Он никак не отреагировал и, лишь взяв голубые трусики из того же кружева, немного наклонился, отдавая очередной приказ:

— Ногу.

Я без возражений выполнила его распоряжение и, пока Барретт методично натягивал на меня белье, тихо произнесла:

— Спасибо.

— Не обольщайся, — бросил он короткий взгляд на мое лицо. — Это выбор байера. Мне все равно.

Я взглянула в его глаза, пытаясь рассмотреть в них истину, но наткнувшись на равнодушную стену, мысленно кивнула “да, обольщаться не стоило, байер просто подобрала более подходящее по стилю белье к вещам от Chanel”, а Барретт между тем, перевел взгляд на одежду, собираясь продолжить “сборку своего автомата”.

Его лицо было так близко от моего, что я чувствовала аромат дорогого парфюма, смешанный с мужским запахом, отчего мне вновь казалось, что я попала в одно с ним пространство, несмотря на его отстраненность. Я украдкой рассматривала родные черты, и мне хотелось прикоснуться к ним губами — поцеловать его лоб у переносицы и разгладить ту небольшую складку, которая всегда появлялась, когда он хмурился, пройтись кончиками пальцев по его густым бровям, повторяя их контур и ощутить своей щекой его щетину, которая появлялась уже через несколько часов после бритья, покалывая кожу. Но отгоняя очередной морок иллюзии, я лишь опустила глаза, ругая себя за то, что вновь желала приласкать своего Хищника, забывая, что в нем нет любви, и мои чувства ему не нужны. Все, что ему было нужно, — лично проконтролировать, что строптивая собственность, коей он меня считал, переодета в новые вещи.
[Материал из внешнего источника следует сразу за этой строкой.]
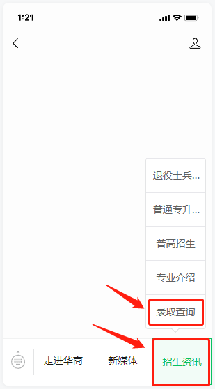 2.进入“ok138太阳集团古天乐招生办”公众号,点击菜单栏“招生资讯”,选择“录取查询”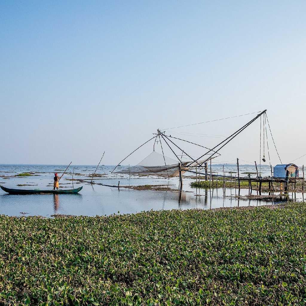 Pause and let time find its own rhythm. The distinct scent of damp soil and the fragrance of blooming flowers transport you to a place where you feel reconnected to the earth. The Vembanad Lake bristles with life as fishermen cast their Chinese nets into it.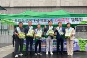 뉴스다 최광묵 기자 | 천안시는 지역 대표 농특산물인 ‘포도’의 우수성을 널리 알리기 위해 19일 신부동 아라리오 광장에서 ‘천안시 포도 직거래 판촉 행사’를 개최했다. 이번 행사는 본격적인 포도 출하시기에 맞춰 시중가보다 저렴한 가격으로 천안산 포도를 공급하고 지역 농가의 소득 향상과 판로 확대에 기여하고자 마련됐다. 행사 당일 성거농협이 직접 참여해 갓 수확한 포도를 시중가 대비 저렴하게 판매했으며, 많은 시민이 행사장을 찾아 천안 포도의 우수성을 직접 체험했다. 이명열 농업환경국장은 “이번 행사를 통해 소비자에게 신선하고 안전한 천안 포도를 합리적인 가격에 제공하고, 생산농가에는 소득 증대와 판로 확대의 기회가 됐다”며,“앞으로도 천안시 대표 농산물의 경쟁력을 높이기 위해 다양한 직거래 행사를 지속적으로 추진해 나가겠다”고 말했다.

Тем временем он взял с постели белую блузку от Chanel, которая шла в комплекте с рядом лежащим комбинезоном, и, уверенно надев ее на меня, быстро застегнул все до единой маленькие пуговицы от горла до основания. Я в очередной раз отметила, что все его действия были точными, ни единого лишнего движения или эмоции, и в этот момент мне казалось, что он одевал не меня — живую женщину, а куклу.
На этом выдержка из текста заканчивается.